Having located the line with "Slimline Royale Desk", print it and each remaining line exactly, stopping at the end of the material and omitting pictures.

Given information —
######

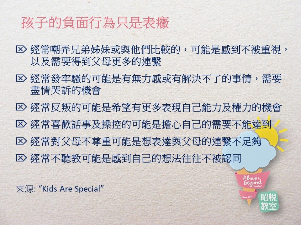 孩子的負面行為往往只是表癥,不要被「表癥」影響自己的情緒,因而錯過幫助孩子解決真正問題的機會,並影響親子關係
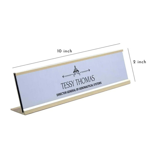 Slimline Royale Desk Name Plate - Gold Stand, Silver Insert
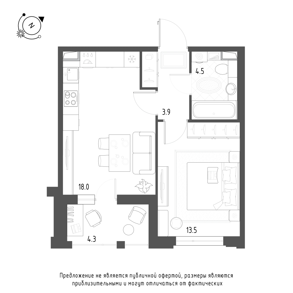 Купить 1к квартиру 42 м² в ЖК Зеленая Река
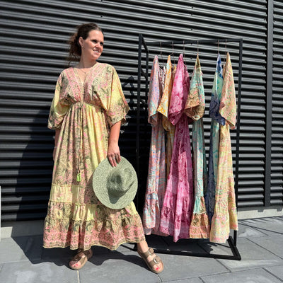 Kjole med print i pakke med 6 stk. Assorteret. Prisen er pr. stk.

######

Output for this task —
 Slimline Royale Desk Name Plate - Gold Stand, Silver Insert
 Купить 1к квартиру 42 м² в ЖК Зеленая Река
 Kjole med print i pakke med 6 stk. Assorteret. Prisen er pr. stk.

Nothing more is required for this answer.